Index,First Name,Middle Name,Last Name
1,Mr. Al\, B.,grüBen,Johnson
2,"Mr. Al\, B.",grüBen,Johnson
3,\"Mr. Al\, B.\",grüBen,Johnson
4,Mr. Al\, B.,grüBen,Johnson

I want to read this CSV directly into a Panda dataframe. My expectation is that Panda should throw or warn me about the data being inconsistent with the header column, but instead it does a very strange thing where it seems to drop the first values in each row, which would have been the index. The code and output will illustrate better than I can with words.

main.py:

import csv
import pandas as pd


def main():
    file = "data.csv"
    print_block("Read STD/CSV")
    read_csv_std(file)
    print_block("Validate STD/CSV")
    validate_csv_std(file)
    print_block("Read PANDAS default")
    read_csv_pandas(file)
    print_block("Read PANDAS with provided headers")
    read_csv_pandas_with_provided_headers(file)
    print_block("Read PANDAS with pyarrow engine")
    read_csv_pandas_with_pyarrow_engine(file)
    print_block("Validate PANDAS by type casting")
    validate_csv_pandas_by_casting(file)


def print_block(text):
    print(f"====== {text} ======")


def read_csv_std(path):
    with open(path, newline="") as file:
        reader = csv.reader(file)
        for i, row in enumerate(reader):
            print(f"i={i}, len={len(row)} -> {row}")

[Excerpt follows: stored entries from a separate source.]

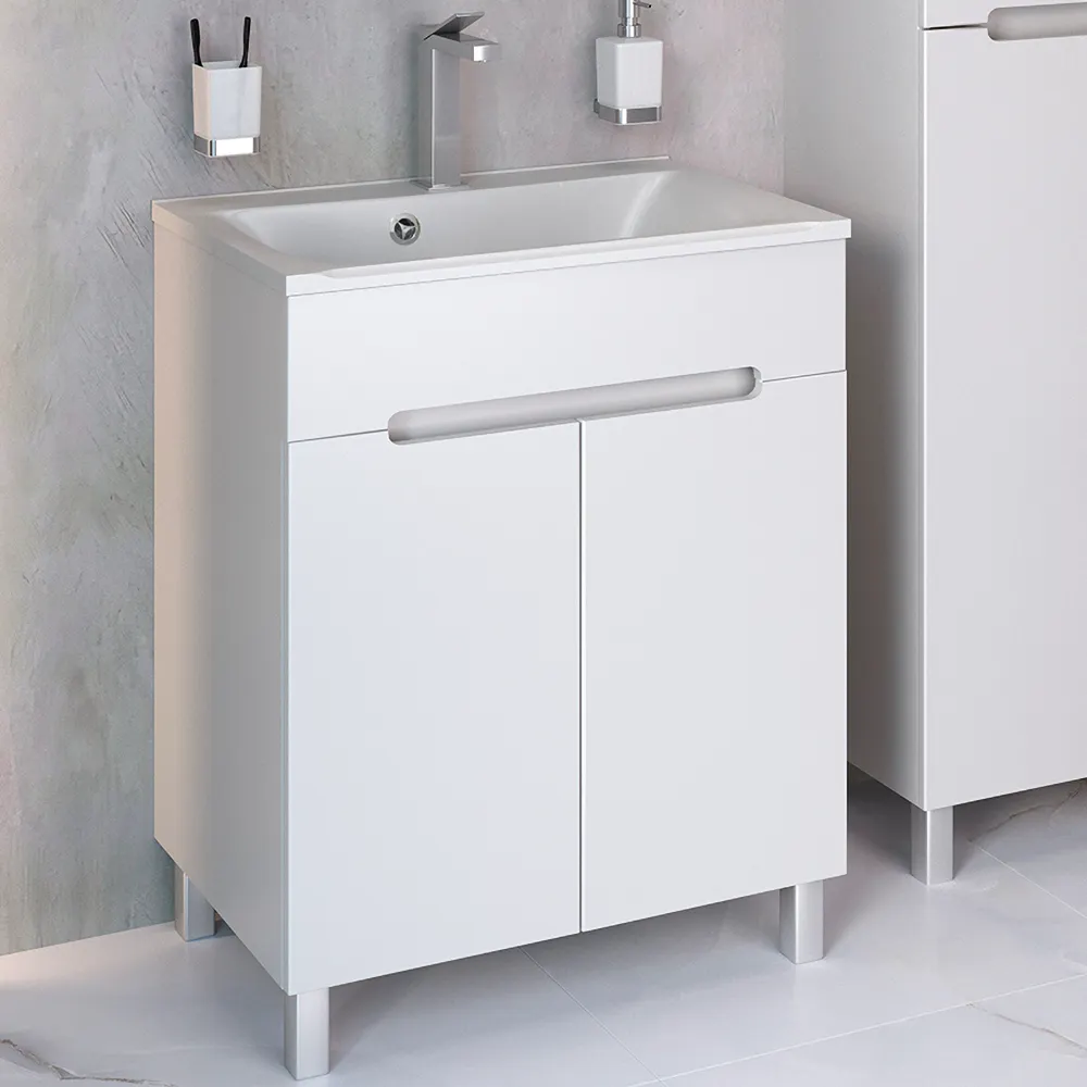 OLIVIA - коллекция мебели, сочетающая в себе современный дизайн и безупречное исполнение. Плавные линии, скругленные углы вырезов всех элементов придают ей легкость и воздушность, а продуманный функционал и система внутренней организации делают её удобной. Оптимальное решение для тех, кто мечтает о светлом и стильном интерьере в ванной комнате. Фасады и корпус мебели изготовлены из МДФ с лакокрасочным эмалевым покрытием, обладающим высокой устойчивостью к ультрафиолету, повышенной температуре и влажности. Тумба напольная OLIVIA 65см с 2 распашными дверками и одной встроенной полкой. Дверки легко открываются благодаря удобному вырезу на фасадах. Петли со встроенным доводчиком. Модель комплектуется умывальником из литьевого мрамора Прима 65см/ Florentina.
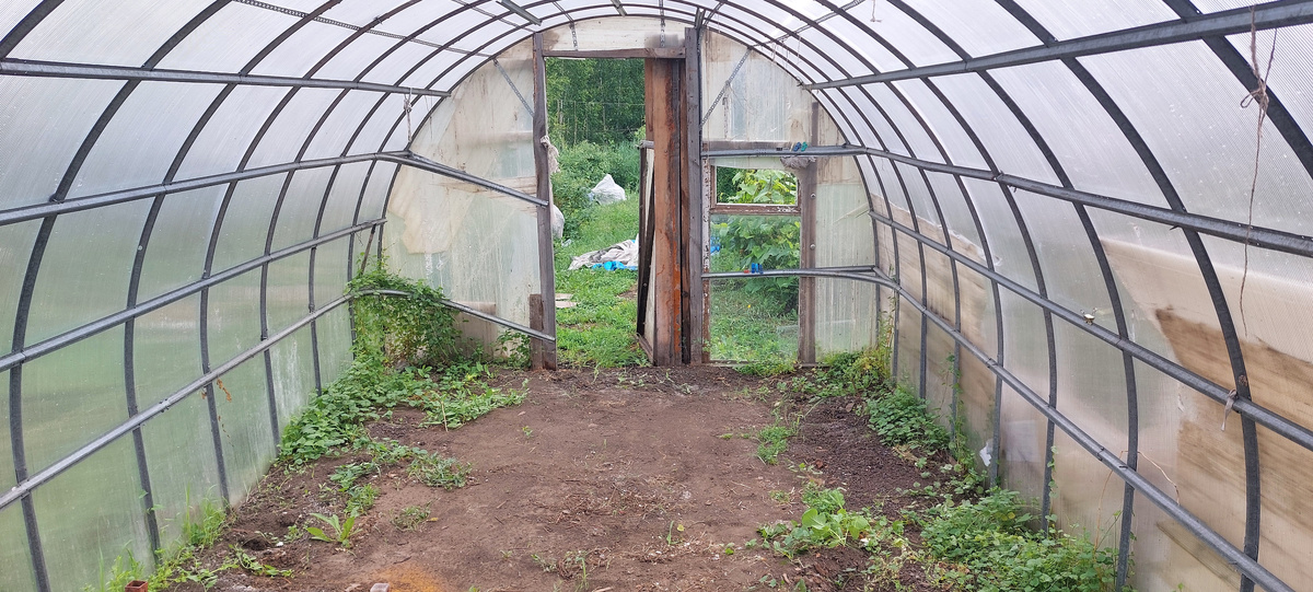 А на первом фото к этой статье как раз наша свободная от дачной растительности теплица. Оставалось очистить ее от травы, посыпать грунт горчицей с борной кислотой от муравьев и застелить чистым толстым рекламным баннером... Новый хороший поликарбонат... Торцы, правды из подручного материала, но это же такая ерунда....Теплица была уже свободна вообще! Заноси бассейн и купайся!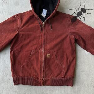 Vintage Y2K Carhartt J130 CLY red hooded work wear jacket

def validate_csv_std(path):
    with open(path, newline="") as file:
        reader = csv.reader(file)
        headers = next(reader)
        num_columns = len(headers)
        for i, row in enumerate(reader, start=1):
            if len(row) != num_columns:
                print(
                    f"i={i} - ❌ - expected {num_columns} fields, saw {len(row)} -> {row}"
                )
            else:
                print(f"i={i} - ✅ - expected {num_columns} fields, saw {len(row)}")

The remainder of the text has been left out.